O que to com vontade de contar é que me despedi da França com um pôr-do-sol maravilhoso pela janela do avião. Agora to no aeroporto de Madrid, esperando o voo pra Sao Paulo. Ao pesar minhas duas malas despachadas (ainda em Paris), soube que tenho 38 quilos de bagagem. O limite de Sao Paulo pra Goiânia é 23kg. Joia. Culpa minha de ser burro demais, mas agora so vou pensar nisso daqui a umas 12h. Ja estou bem feliz de ter passado sem nenhum problema pela imigraçao com 11 dias de visto vencido. Bom, isso ainda nao era o que eu queria contar. Estar aqui na sala de espera, pela primeira vez em meses cercado de dezenas de brasileiros desconhecidos, me da uma descrença. Nao é por nada. Mas, pô, TODOS os homens de tênis, calça jeans e camiseta. Ai, saquinho viu. Ups ! E nao é que ao terminar de escrever isso, vejo uma exceção à regra !! Nao é que to vendo um rapaz de camisa listrada e…. calça tochada, chapeu branco de vaqueiro e cinto de fivela de bandeja ?!?! Em Madridi ! Vou ali trocar ideia com ele, numa dessas pego uma carona de trator até Goias !

Marseille

Chegamos a Marseille e, de cara, fui percebendo o que ja tinham me dito : parece uma cidade grande do Brasil. E meio suja e poluida de maneira geral, mais trânsito e barulho, mais gente na rua, menos organizaçao. Pegar trânsito me fez me sentir um pouco em Curitiba (nao que eu tenha carro, mas né, a gente sempre sabe como é). Chegamos na casa do amigo, um cara super figura, muito caricato, engraçadissimo. Recomeçamos a seçao haxixe e cervejinha. Geremie, o amigo, foi passar a noite na casa da namo. Kevin e eu assistimos um filme, fumamos mais, bebemos mais, comemos iguais a dois porcos, apagamos a luz e nos deitamos, de novo sobre a mesma coisa.
Me passando o baseado no escuro, ele me pergunta : « Quer que eu te chupe ». Gente, hesitei por alguns instantes, viu. Devia so ter so colocado pra fora e pronto. Mas nao o fiz, por alguns motivos, nessa ordem de importância: 1, até o dia anterior ele era o amor da minha vida dos meus 5 meses na França e agora ele era um broder hétero que queria me chupar; 2, tinhamos bebido e fumado pacas, tive medo de brochar; 3, eu prefiro muito mais chupar, nao estava achando muito justo que eu nao pudesse fazer nada. Bom, segue dialogo como me lembro. Entre uma fala e outra sempre uma hesitaçao, um trago do baseado e passada do mesmo pro outro:
Eu: “Nao”
Kevin: “Por quê ? »
Eu : « Tem que rolar um momento pra isso »

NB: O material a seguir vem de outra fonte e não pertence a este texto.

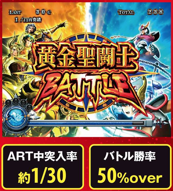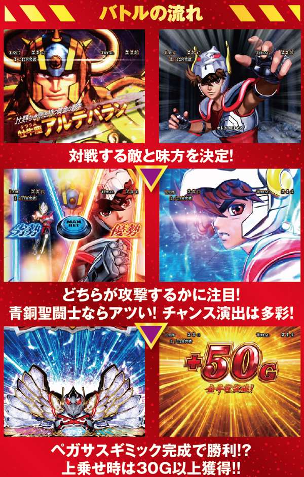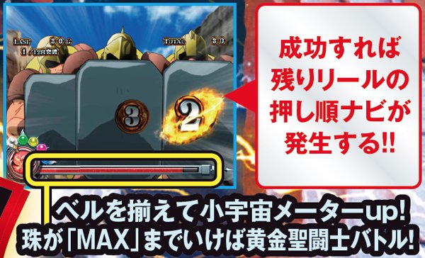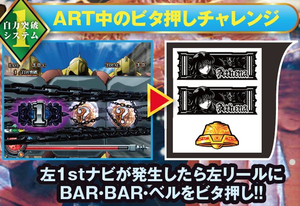『パチスロ聖闘士星矢〜女神聖戦〜』は人気シリーズの3作目でありながら、前作までとは全く異なる斬新なシステムで話題を呼んでいる。 目を引く部分は多岐に渡るが、なんといっても目玉は「自力突破システム」なる新機能。これはプレイヤー自身が視覚(=目押し力)や直感を駆使して勝利を掴み取るシステムで、その機会が訪れるのはART中とビッグ中の2通りある。 |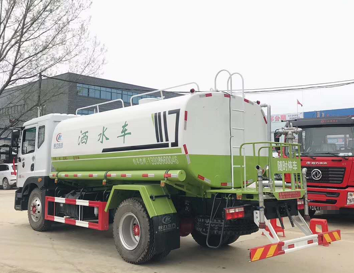 這款程力公司出產(chǎn)的東風(fēng)D9大多利卡多功能綠化灑水車,灑水車采用了東風(fēng)公司的正宗原裝底盤,東風(fēng)康明斯210馬力發(fā)動(dòng)機(jī),六缸機(jī),國(guó)六排放;帶空調(diào)和方向助力,車頭前配置前沖,后灑,側(cè)噴,高位花灑,后平臺(tái)帶綠化灑水車炮,罐體采用4mm武鋼優(yōu)質(zhì)碳鋼制作,裝水13.6噸-14.6噸;罐體后帶工作平臺(tái),平臺(tái)上安裝綠化灑水高炮,炮可噴灑農(nóng)藥,并有多種雨?duì)羁烧{(diào)節(jié)(大雨中雨毛毛雨霧狀),泵可自吸自排,帶自流閥,帶消防接頭,帶過濾裝置。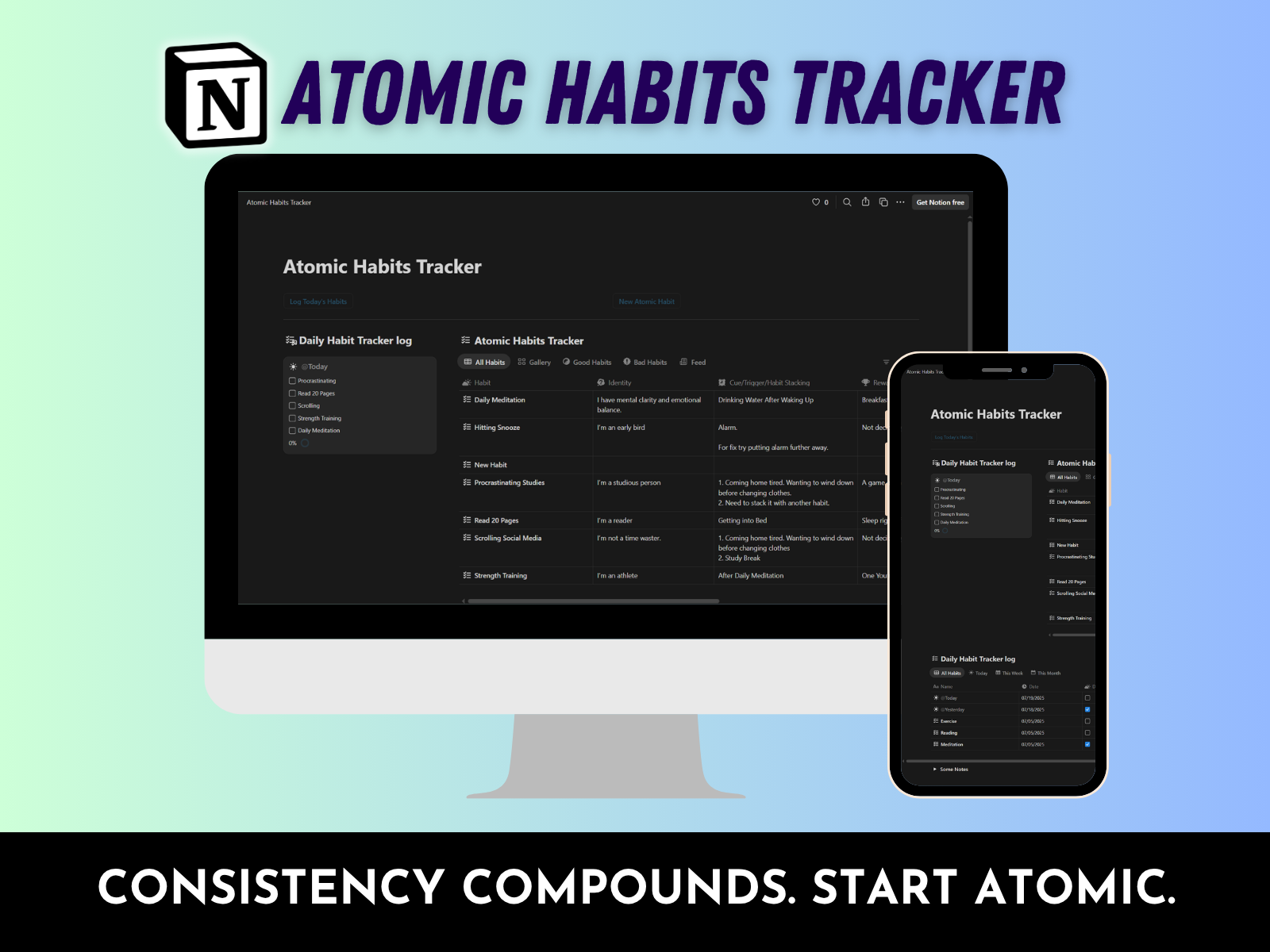 A minimalist Notion template inspired by James Clear’s Atomic Habits. Track daily habits, reinforce identity-based goals, and visualize progress with integrated logs for good/bad habits—all in one streamlined workspace.

Kevin : « Eu imaginei. é meio bizarra essa minha vontade né ? »
Eu : « Um pouco… Mas nao to te julgando, hein ?! »
Kevin : « Espero »
Eu : « é so que vai ser um pouco dificil você conseguir isso, seja de alguém gay ou hétero »
Kevin : « é… »
Bom, fui dormir me torturando pensando se devia ou nao ter deixado ele me chupar. Me senti um pouco egoista, pois podia ter satisfeito a tara do pia com alguém que ele conhecia e confiava o minimo que fosse. Mas agora nao adianta lamentar, porque dormimos e, infelizmente, nao falamos mais disso.

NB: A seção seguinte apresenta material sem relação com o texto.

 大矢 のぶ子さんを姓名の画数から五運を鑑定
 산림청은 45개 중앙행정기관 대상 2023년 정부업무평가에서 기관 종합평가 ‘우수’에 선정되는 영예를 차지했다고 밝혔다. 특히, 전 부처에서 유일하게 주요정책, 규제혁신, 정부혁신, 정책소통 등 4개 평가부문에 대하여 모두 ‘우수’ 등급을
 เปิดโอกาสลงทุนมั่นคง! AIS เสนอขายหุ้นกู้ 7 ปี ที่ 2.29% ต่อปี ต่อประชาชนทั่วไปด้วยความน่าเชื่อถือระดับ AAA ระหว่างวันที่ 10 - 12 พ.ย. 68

No outro dia, aquela lerdeza pra se agilizar, como é comum quando se viaja em um numero de pessoas superior a 1. Lavamos a louça, ajeitamos a sala. Bolamos um bec, abrimos uma cerveja. Me ensinaram a jogar pôquer. Adorei e no inicio até que mandei bem. Depois fomos ao mercado, fomos à casa de um casal de broders dele, fizemos rango, comemos e saimos pra ver Marseille. Ele, socialista e ideologista que é, me levou numa regiao do centro onde realmente você nao faz mais ideia de que esta na França. Eu achava o centro de Lyon bastante arabe, mas nao tem nada a ver com o de Marseille. Enfim, conheci outra França.

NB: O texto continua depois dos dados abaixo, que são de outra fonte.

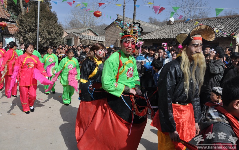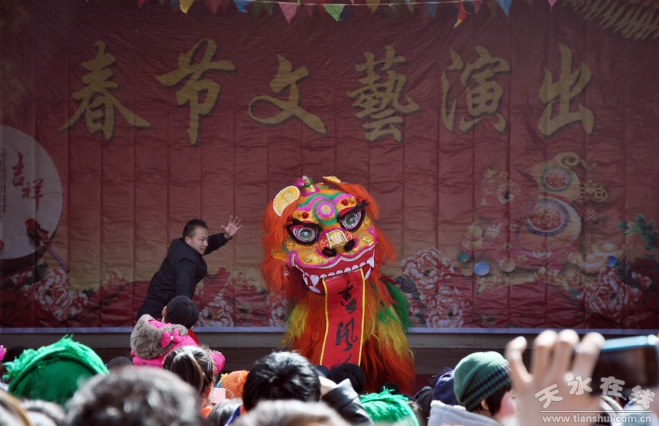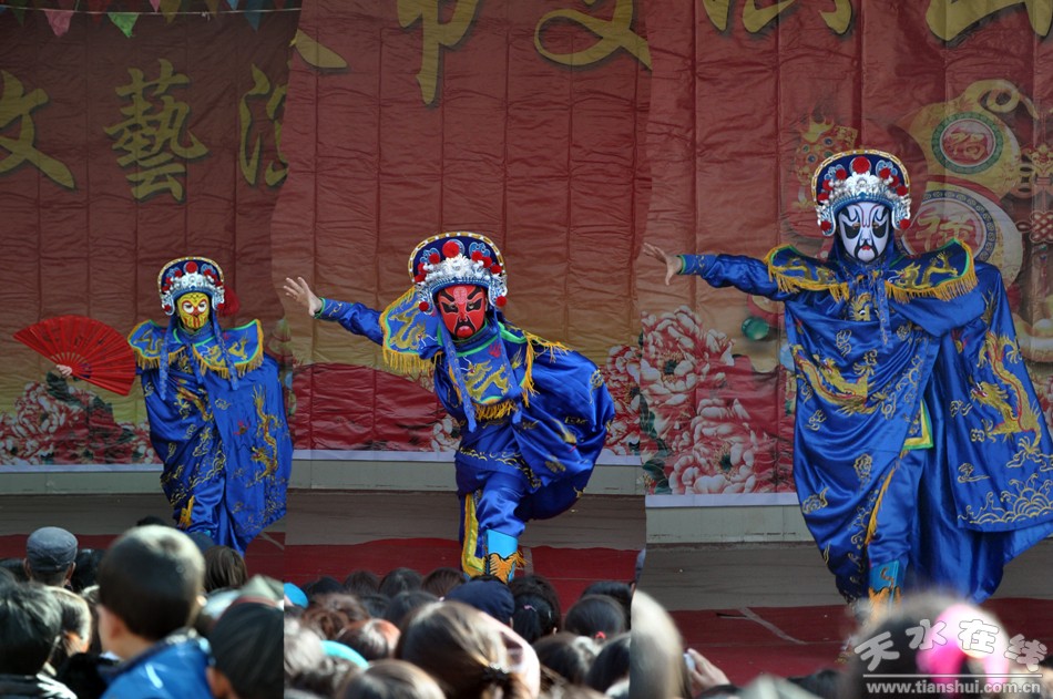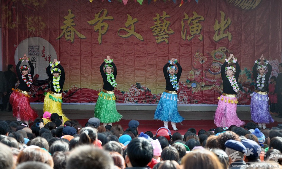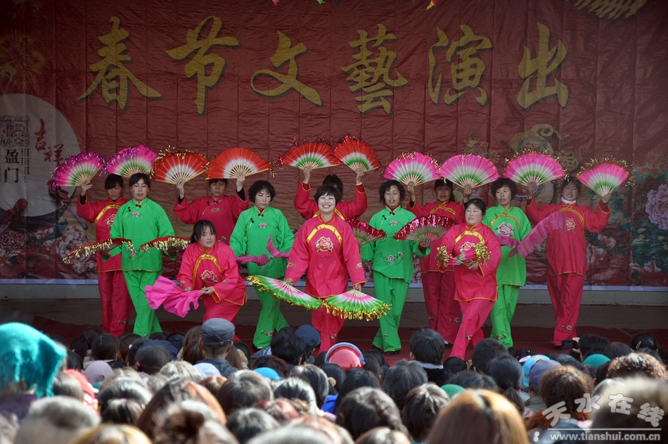 2013年2月15日(正月初六),麥積區(qū)溫家坪村鑼鼓喧天,人頭攢動,熱鬧非凡。這里正在進行著溫家坪村2013年春節(jié)文藝演出,天水市歌舞團專業(yè)演員為大家送上了動聽的歌曲、時尚的舞蹈以及變臉等,溫家坪村和鄰村凌溫村的村民自編自演的節(jié)目扭秧歌、耍社火,更是引得笑聲、掌聲不斷。

Voltamos pra casa do casal de brodas dele porque eles ainda fariam uma pequena correria pra pegar xit. Bom, fumamos um enquanto esperavamos a hora e começou a me bater aquela velha (e ja chata) insegurança por nao ter onde ficar – afinal Kevin retornaria aquela noite pra casa dos seus pais e o Geremie nao me hospedaria sozinho. E esse cara gente boa, do casal, tambem nao podia porque era o dia em que ele ficaria com a namorada, sem os pais em casa. Franceses. Fui pro computador, nada de couchsurfing. Nem os hostels que eu tinha visto pelo preço abusivo de quase 30 euros estavam mais disponiveis. Hotel mais barato a partir de 130 euros. é nessas horas que nos vêm aquelas duas palavrinhas à mente : me fodi.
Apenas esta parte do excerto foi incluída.